The BEST Indicator to tell whether an Option is OVERPRICED is...

Quote from dmo:

This gets back to delta neutral spreading strategies that are probably more appropriate for futures options than stock options.

Might you elaborate a little on what you think about this? I go for delta neutral spread strategies on equity options. I do OK (I shoot for 5% a month in gains) but I don't trade futures. Trading a small account -- less than $20K.

What might the pros of futures options be vs. equity options in this situation?
 
Quote from Allspread:

Might you elaborate a little on what you think about this? I go for delta neutral spread strategies on equity options. I do OK (I shoot for 5% a month in gains) but I don't trade futures. Trading a small account -- less than $20K.

What might the pros of futures options be vs. equity options in this situation?


In futures it's so easy to use the underlying to get delta neutral. You can short futures in any amount just as easily as go long. And buying or selling futures to get delta neutral will REDUCE your margin due to risk margining.

Going short stock can be clumsy - you can run into hard-to-borrow situations. If you do hedge your options against short stock, apparently it's possible to lose the short. And the margining regs are a mystery, to me at least.

Dividends are an additional complexity you don't have to deal with in futures options.
 
To add to the above: The ease of covering your deltas with the underlying in futures has bred a different approach among futures options traders. When I was on the CBOT floor, the CBOE was right across the street and CBOE guys would often come over and check out our floor. Listening to someone talk about options, I could tell in a about two seconds if they had come over from the CBOE. Different approach entirely. As soon as someone mentioned "backspread," I could tell you with 100% certainty they had come from stock options. Futures options guys never, ever think about ratio-ing the options to get delta neutral. That's what the futures are for. The futures options approach is to do what you want to do in the options to get your gammas, vegas and thetas the way you want with no regard to deltas - THEN figure out your deltas and make up the difference with the underlying.
 
Quote from xflat2186:

c.chugani... long a call or long a put is not the synthetic equivalent of long or short the underlying by any means.

Kindly refer me to the post where I have stated this.
 
Quote from increasenow:

The BEST Indicator to tell whether an Option is OVERPRICED is...

1-Implied Volatility
2-Gamma
3-Vega
4-Delta
5-Theta
6-Rho
7-Open Interest
8-Other...?

Without a doubt it is:

Delta Omicron Pi Epsilon
 
Quote from increasenow:

The BEST Indicator to tell whether an Option is OVERPRICED is...

1-Implied Volatility
2-Gamma
3-Vega
4-Delta
5-Theta
6-Rho
7-Open Interest
8-Other...?

for sake of discussion..lets use the QQQQ...


The price of the Option relative to the underlying.
 
Quote from slapshot:

The price of the Option relative to the underlying.
yea...but...how do you know if 1 or 5 dollars is too much?you need to provide details and exact calculations..please
 
Quote from increasenow:

yea...but...how do you know if 1 or 5 dollars is too much?you need to provide details and exact calculations..please


No, I don't need to provide details or calculations.

What you need to do is put in enough time/effort to watch the price action of the various correlated option contracts vs. the underlying's current price.

It is all in the tape.
 
This has been discussed before.

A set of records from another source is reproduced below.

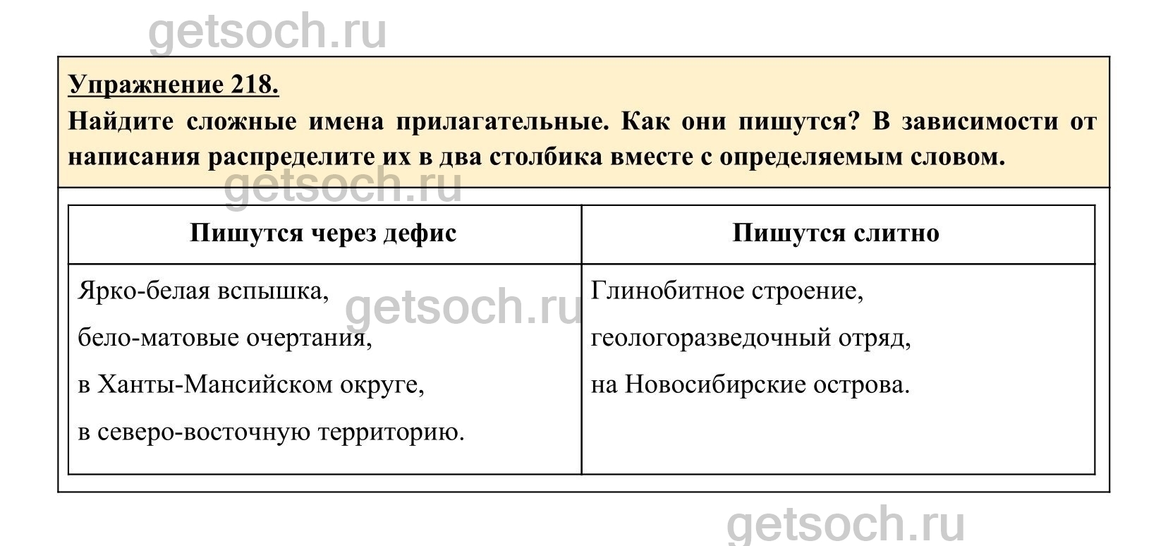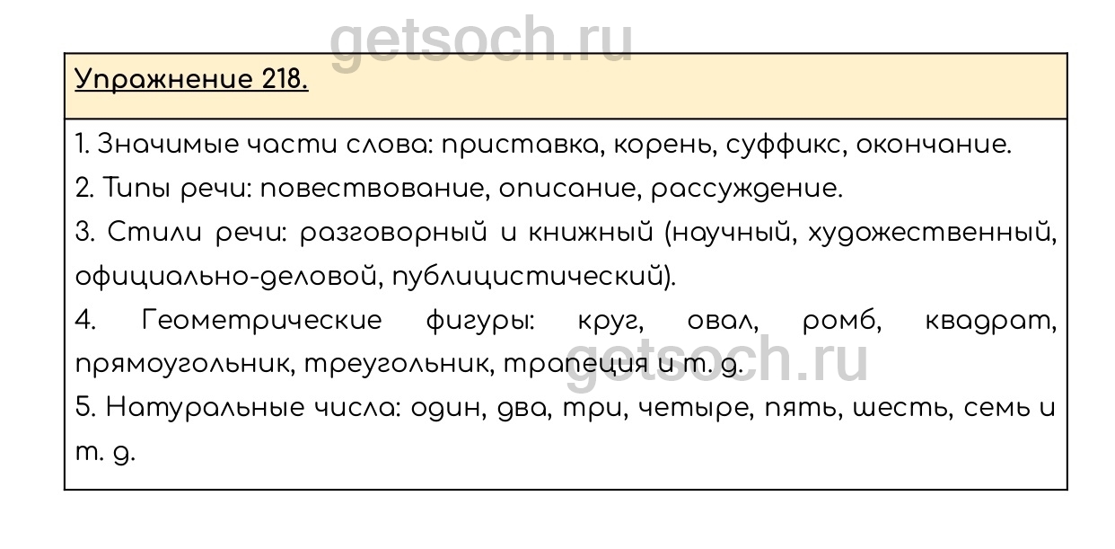 Рассмотрим ответы на Упражнение 218 из учебника по русскому языку для 6 класса Разумовской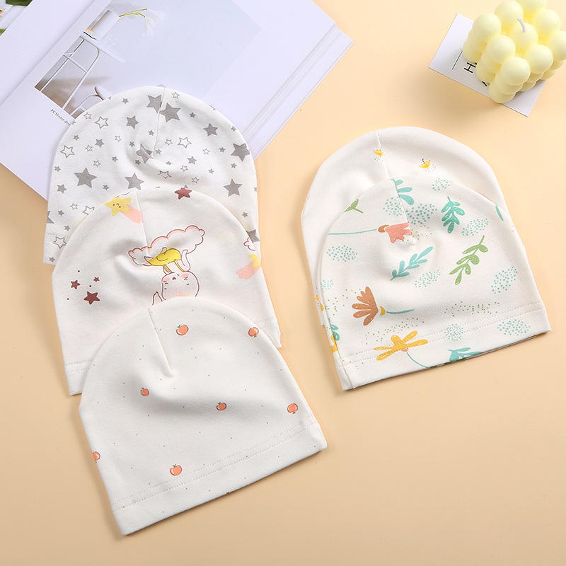 신생아를위한 유아용 코튼 프린트 풀오버 캡 사계절 태아 모자 봄과 여름에 폰타넬 보호를위한 싱글 레이어 얇은 모자스토어 가기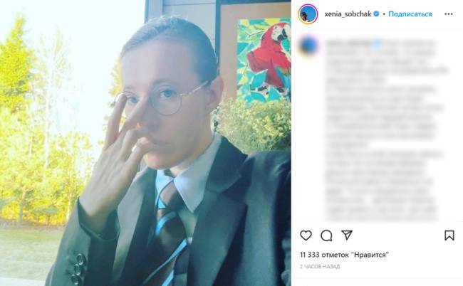 Однако многие фолловеры большее внимание обратили на внешность звезды экрана, чем на ее рекомендации. Ксения предстала в мужском деловом костюме, с галстуком, в очках, без косметики и с зализанной прической – с первого взгляда кажется, что светская львица без волос. Ее просто не узнать.

You can take this thread out to countless pages and the answer will never change, and most will never accept that answer. Increasenow has yet to actually follow any of the good advice he has been given (on countless threads), and continues to look for easy answers. He has no idea how to trade, doesn’t even possess the most basic options knowledge, and yet asks a question to which he couldn’t possibly understand the answer. He needs to completely forget about trading options, paper trade an underlying until such time as he figures out that trading isn’t for him or learns how to trade, and stop using the word “serious”. He will not do these things of course, because he is a child who proved himself incapable of listening.

If you don’t already know the answer to the posed question, as a few here have shown they do, then you shouldn’t be trading options.